There is another thread I want to underscore — the thread I return to in many of my posts: economic and social conditions matter. The Arab Spring did not happen in a vacuum; high unemployment, a helpless youth cohort, and failing expectations were prime drivers of unrest. I have argued repeatedly that joblessness is the root fuel of many political crises, and that unless societies address those structural issues, political gestures alone will not secure stability A Ticking Time Bomb. An election cannot substitute for economic opportunity.

It is worth pausing to notice that I have been writing this for years. The core idea I keep returning to is simple: I raised these observations long before some of the present facts crystalized — fragmentation in Syria, the weaponization of information, the centrality of job creation — and proposed practical concerns and solutions at the time. Seeing the region still wrestle with these same problems feels like validation of those earlier warning signs, and also a renewed urgency to push harder on solutions now.

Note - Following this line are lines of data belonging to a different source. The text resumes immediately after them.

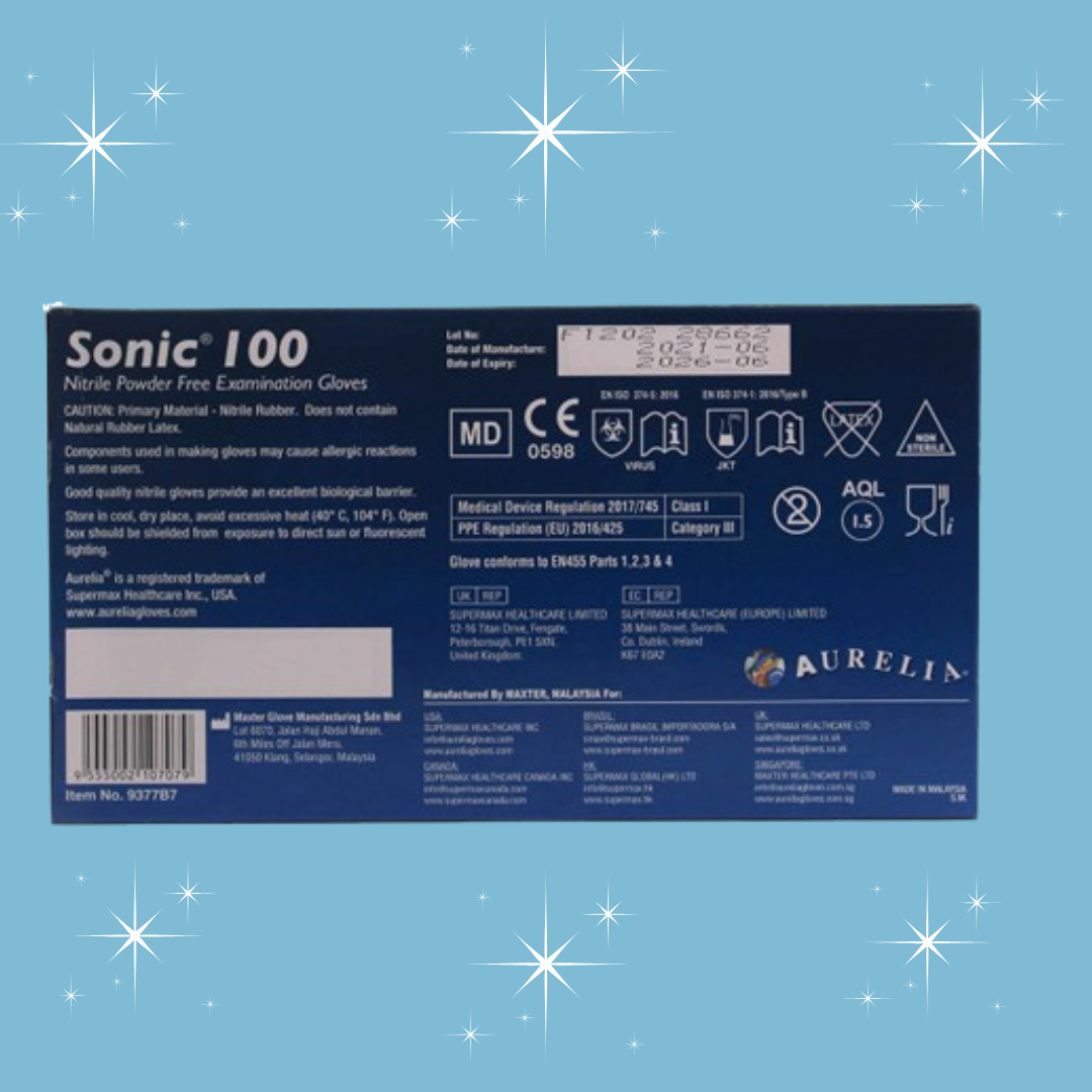 The Aurelia Sonic 100 Gloves are ultra-thin (2.2mil), offering maximum comfort, flexibility, and tactile sensitivitywithout compromising protection. They are widely used by the NHS, trusted by healthcare professionals for reliability, high performance, and excellent barrier protection with an AQL 1.5 rating.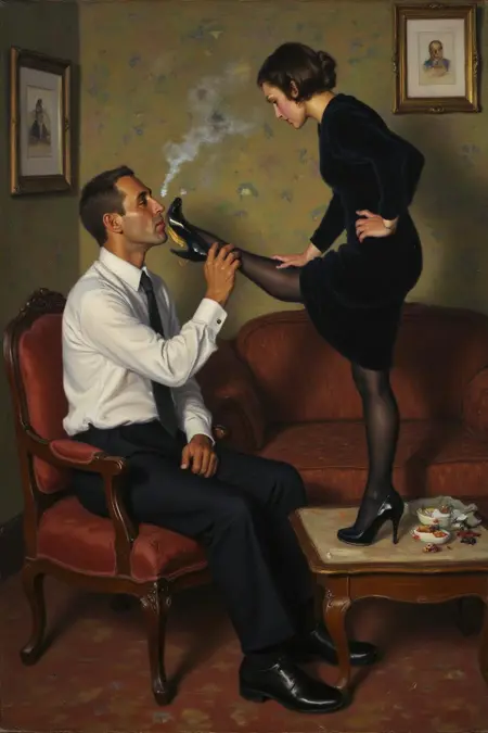 リアリスト的デッサン:彼の人物はしっかりとした存在感を持ち、彫刻家のような形とジェスチャーへの意識で描かれています。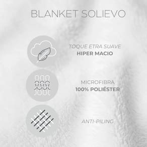 Dupla face: o cobertor sollievo possui dupla face, sendo um dos lados em textura chenille e o outro em superfície lisa. Não encolhe: fácil de lavar e secar e não encolha com a lavagem. Hipoalergênico: é naturalmente resistente à proliferação de ácaros, mofo e bactérias Alta capacidade térmica: possui um excelente desempenho térmico, sendo ideal para noites mais frias. Acabamento em debrum: conta com acabamento premium em debrum, reforçando um caimento impecável e trazendo sofisticação ao arrumar o seu quarto.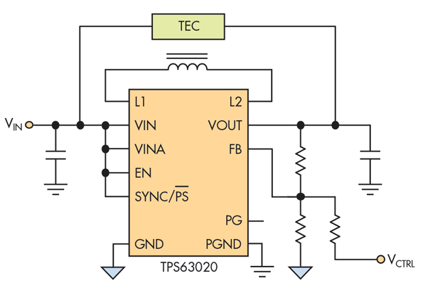 1.顯示的是一個(gè)簡(jiǎn)單電路(TI參考設(shè)計(jì)PMP9759)的示例,該電路雙向驅(qū)動(dòng)流過(guò)TEC的電流。單芯片降壓-升壓轉(zhuǎn)換器需要最少的組件數(shù)量。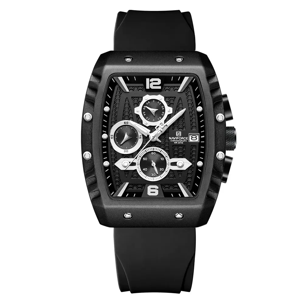 Naviforce NF8025 Quartz Silicone Chronograph Sports Men’s Watch is a stylish but also very useful watch made for men who like sporty design and also want strong performance. The look is modern, with a bold case and a nice finish that catches the eye quickly. It comes with silicone strap which is soft on the hand and also durable for long wear. Even if you wear it all day at work, at the gym, or outside, it not make your hand feel heavy or sweaty. The build quality is solid, with a strong body and glass that not scratch easily in daily use. Inside it runs with Quartz movement, so time is always accurate, with no delay problem. The chronograph function also give you more than just normal time; you can use stopwatch style for sports or timing activity. It show hours, minutes, seconds with clear dial that easy to read day or night. The design mix casual and sporty, so you can wear with t shirt, jeans or even with little formal also look nice. Water resistance also there, so no problem in light rain or sweat. This watch made for men who want one watch for all occasion, office, travel, gym or outside hangout. It give both good style and real function, not just for look but also for everyday use.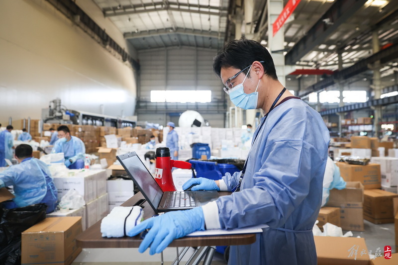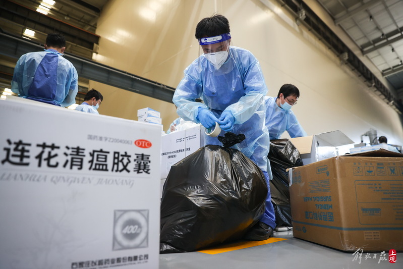 為不增加基層負(fù)擔(dān),寶山區(qū)啟用7個(gè)分揀點(diǎn)對(duì)應(yīng)13個(gè)街鎮(zhèn)園區(qū),由招募來(lái)的企業(yè)職工及志愿者流水線作業(yè),對(duì)物資開(kāi)展卸貨、分裝。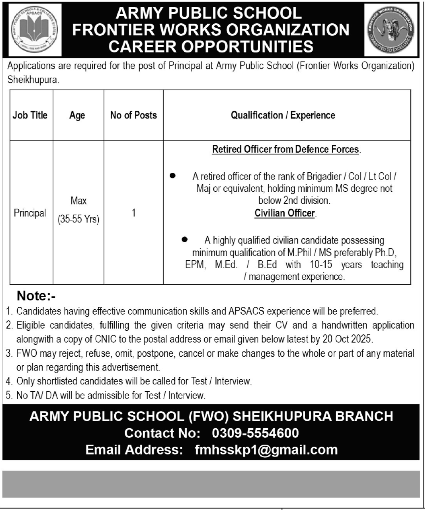 To apply for these jobs at Frontier Works Organization FWO Sheikhupura Lahore, Punjab, in Pakistan, you must: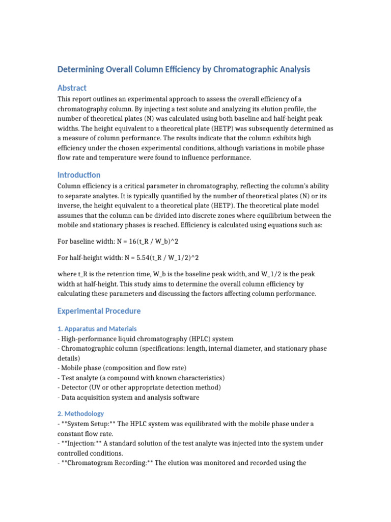 Column Efficiency Lab Report | PDF | Chromatography | High Performance ...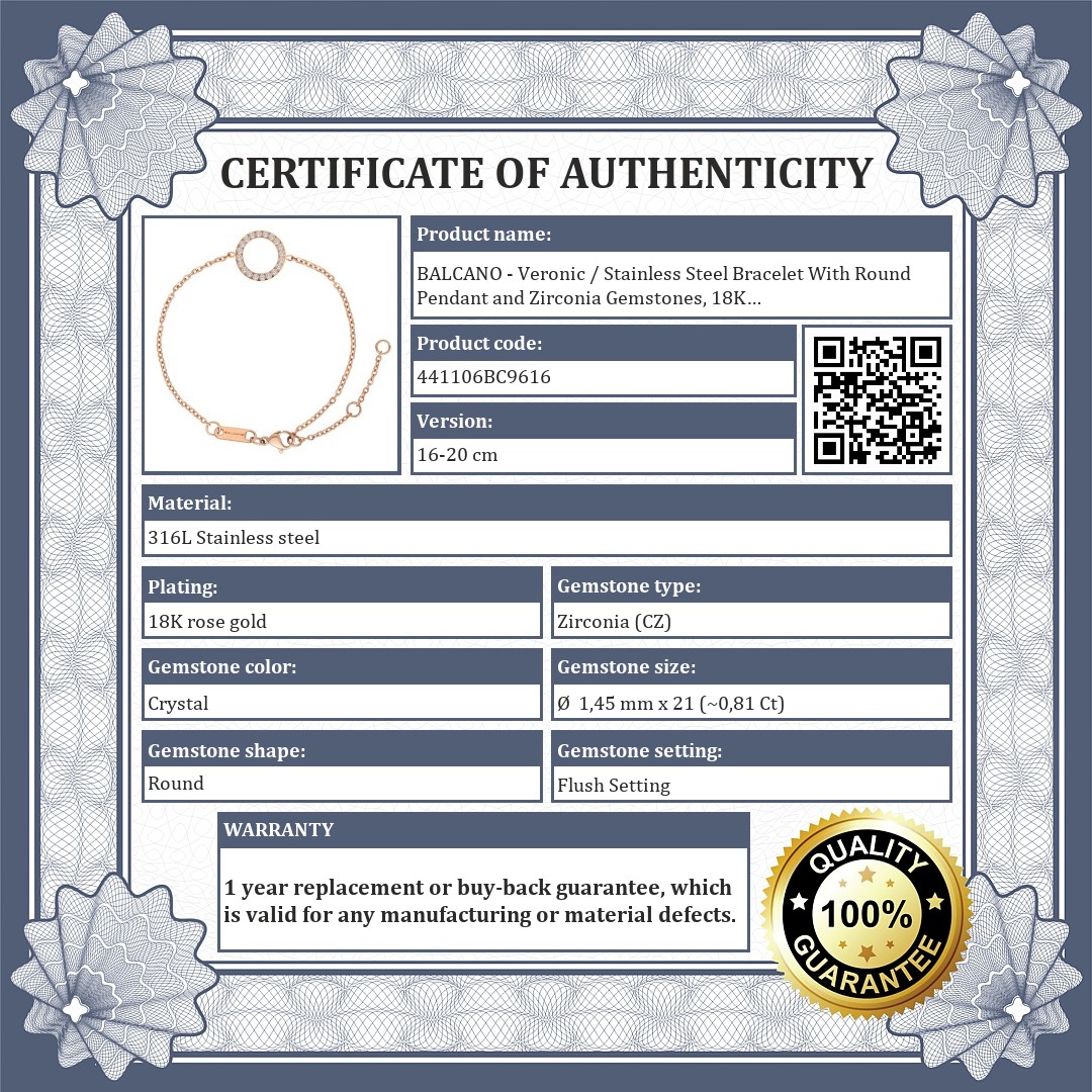 BALCANO - Veronic / Stainless Steel Bracelet With Round Pendant and Zirconia Gemstones, 18K Gold Plated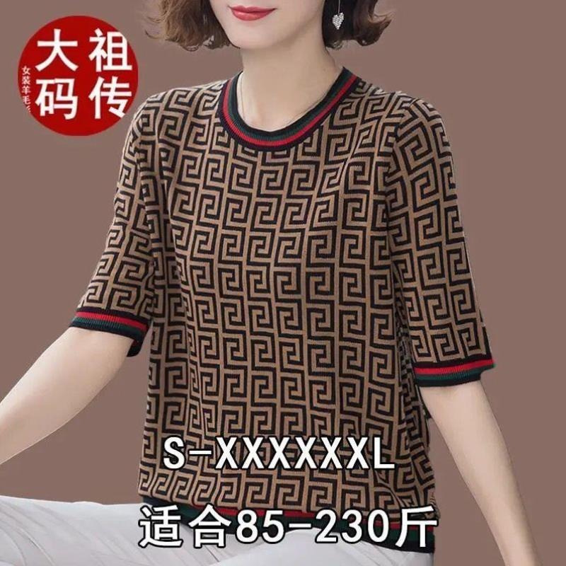 Kaus wanita ukuran plus untuk wanita, pakaian wanita ukuran plus Eropa dan Amerika 291396, kaus pullover motif leher bulat longgar, Kaus wanita paruh baya dan lansia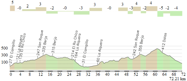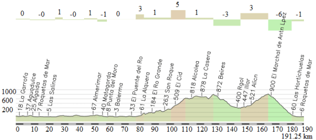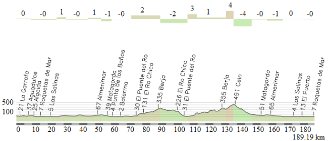 Al igual que sucedió en años anteriores, el perfil oficial está lleno de errores, exagerando algunas cotas, como Rio Chico y La Alqueria, y minimizando otras, como El Aljibe de la Cruz, además de omitir muchos detalles. Por ese motivo hemos utilizado un perfil de elaboración propia (mediante tracks4bikers y siguiendo las indicaciones del rutómetro), que creemos es más realista. De todos modos, hay un desfase de 7 km, saliendo una ruta de 189 km en lugar de los 182 anunciados, por lo que en el análisis nos referiremos a los puntos kilométricos oficiales.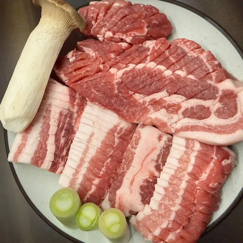 자리를 잡고 앉아 메뉴판을 펼쳤다. 삼겹살, 목살, 꽃목살 등 다양한 부위의 돼지고기가 눈에 들어왔다. 고민 끝에 나는 삼겹살과 목살을 함께 주문하기로 했다. 고기 질이 좋다는 평이 많았으니, 당연히 맛봐야 할 메뉴였다. 잠시 후, 숯불이 들어오고, 곧이어 기다리던 고기가 등장했다.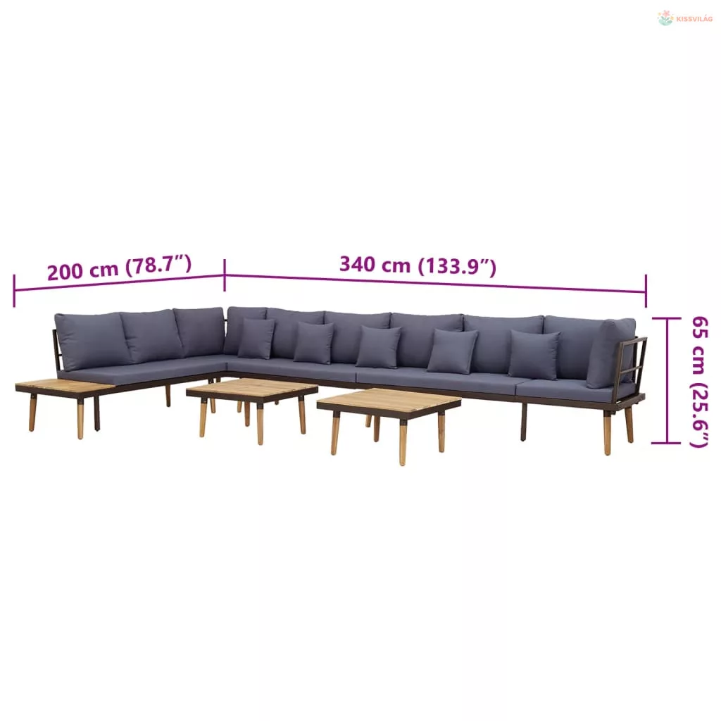 8 személyes tömör akácfa kerti társalgószett párnákkal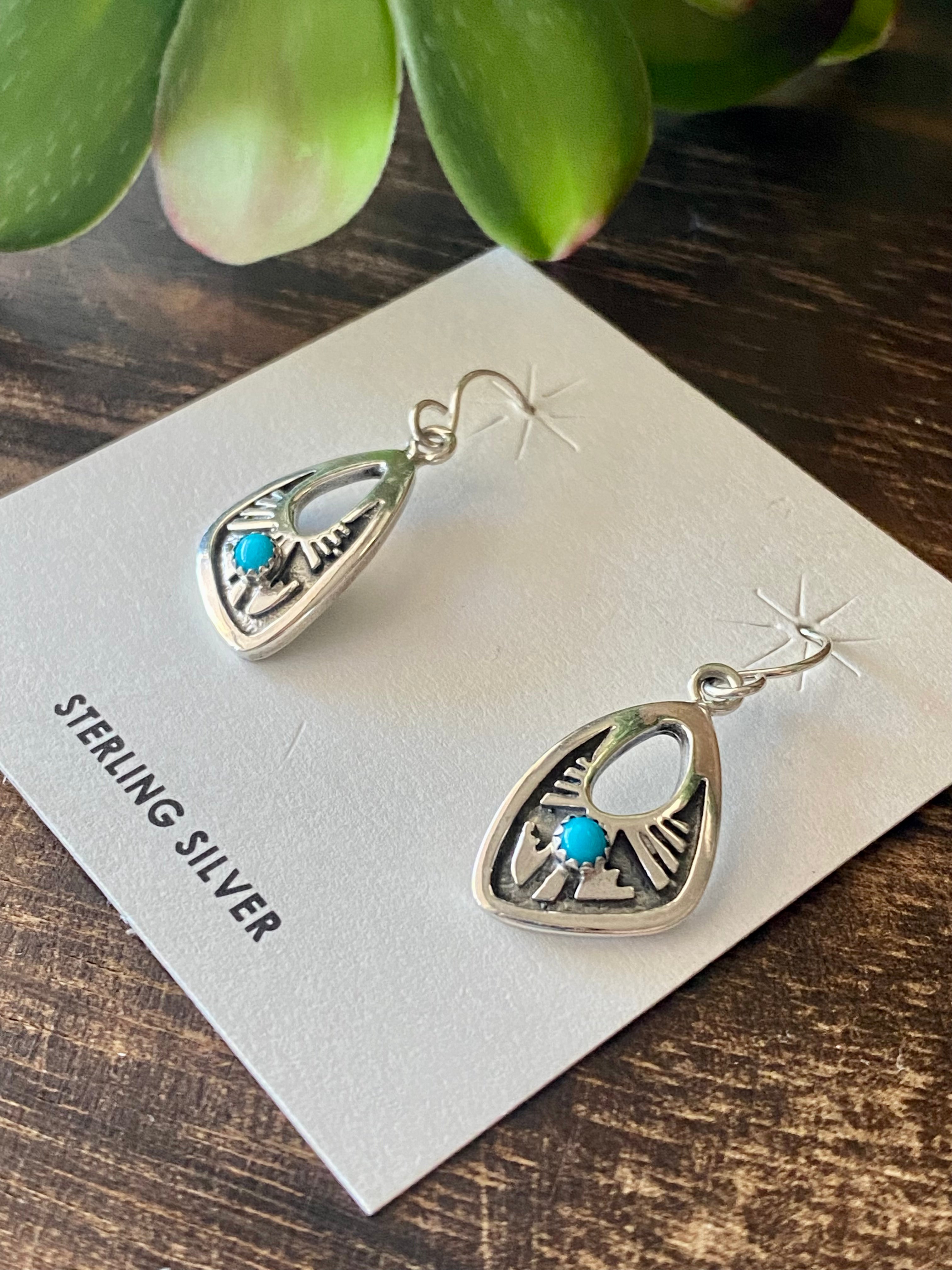 Navajo Made Kingman Turquoise & Sterling Silver Dangle Earrings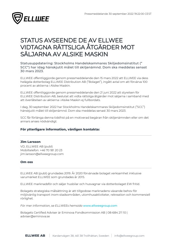 ELLWEE offentliggjorde genom pressmeddelande den 21 juni 2022 att styrelsen för ELLWEE Distribution AB, beslutat att vidta rättsliga åtgärder mot säljarna i samband med att överlåtelsen av aktierna i Alsike Maskin ej fullbordats.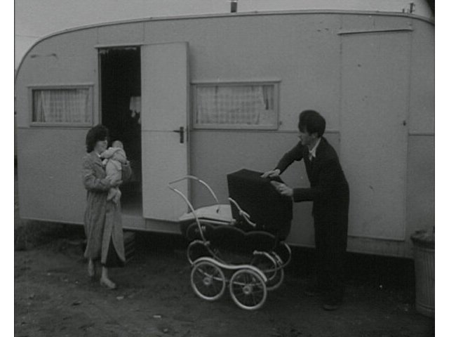 Newsreel item about a landowner who refuses to evict caravan dwellers despite protests from local residents.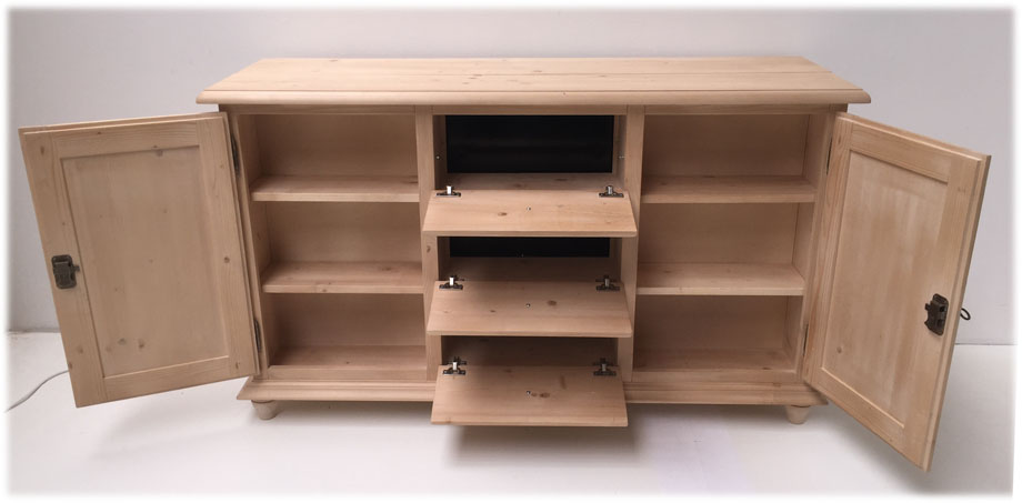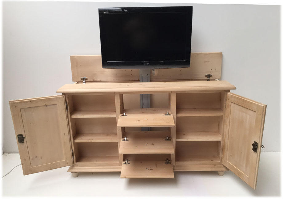 für Flat TV 30-42 Zoll, 2 Türen 3 Schubladenfronten aufklappbar, Stauraum für CD DVD, 1 Flat TV Antrieb, Abm. 150/87/47 cm (B/H/T), Fichte massiv, Rosner gewachst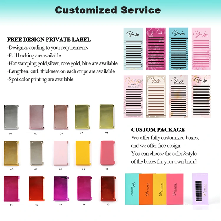 SP-ripsi tarjoaa laajan valikoiman räätälöintivaihtoehtoja V-muotoisille ripsien kihareille, mukaan lukien omat tuotemerkit ja pakkaukset, pienen tilausmäärä ja ilmainen suunnittelutuki. Testaa laatu luottavaisesti ennen irtotavaratilauksen tekemistä käytettävissä olevien ilmaisten näytteiden avulla.
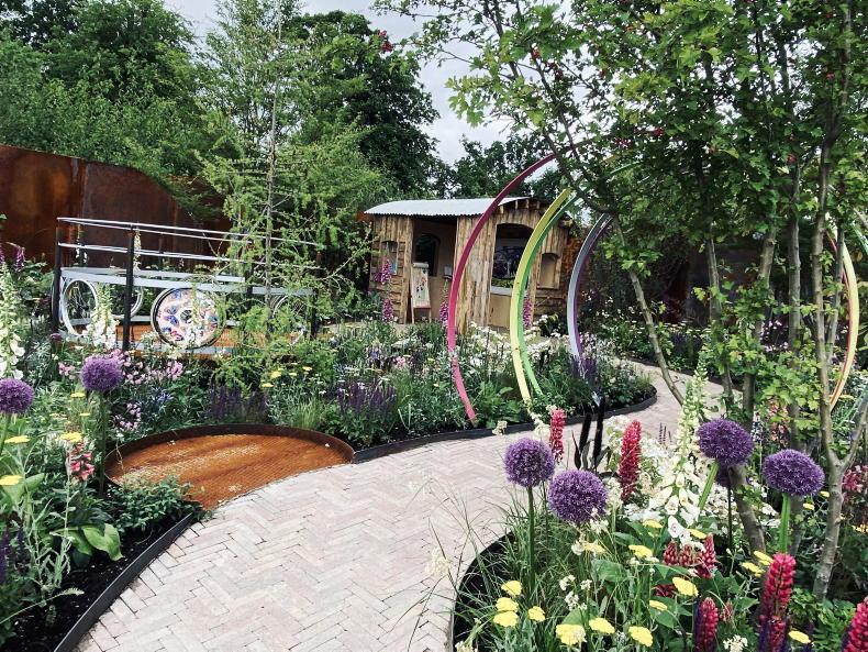 My favourite garden was the Enable Ireland Respite Garden designed by Robert Moore. It was awarded a Silver Medal. It illustrated inclusion and spatial awareness in the garden area. It featured a water feature that was accessible for wheelchair users. It used colourful wheels and paint in an imaginative way. It had lots of flowing grasses and multi coloured plants.

So I read the news with hope, but I also ask for humility from the international community and honesty from local actors. If Syrians are to reclaim a political future that is truly theirs, external actors must stop treating the country as a chessboard and start supporting the hard work of institution‑building, reconciliation, and economic recovery. And tech platforms must stop pretending they are merely neutral conduits; they shape political realities and therefore must be responsible — a theme I argued years ago when I urged regulators to "Tell: Comply or Quit" to firms that act above the law Telling: Comply or Quit!.

A parliamentary vote can be a moment of renewal, or it can be a polished veneer. I hope — for the ordinary Syrians who have endured so much — that this time the choice is the former. But hope without scrutiny is wishful thinking. We owe Syrians a demand for clarity, protection, and the sustained work of rebuilding.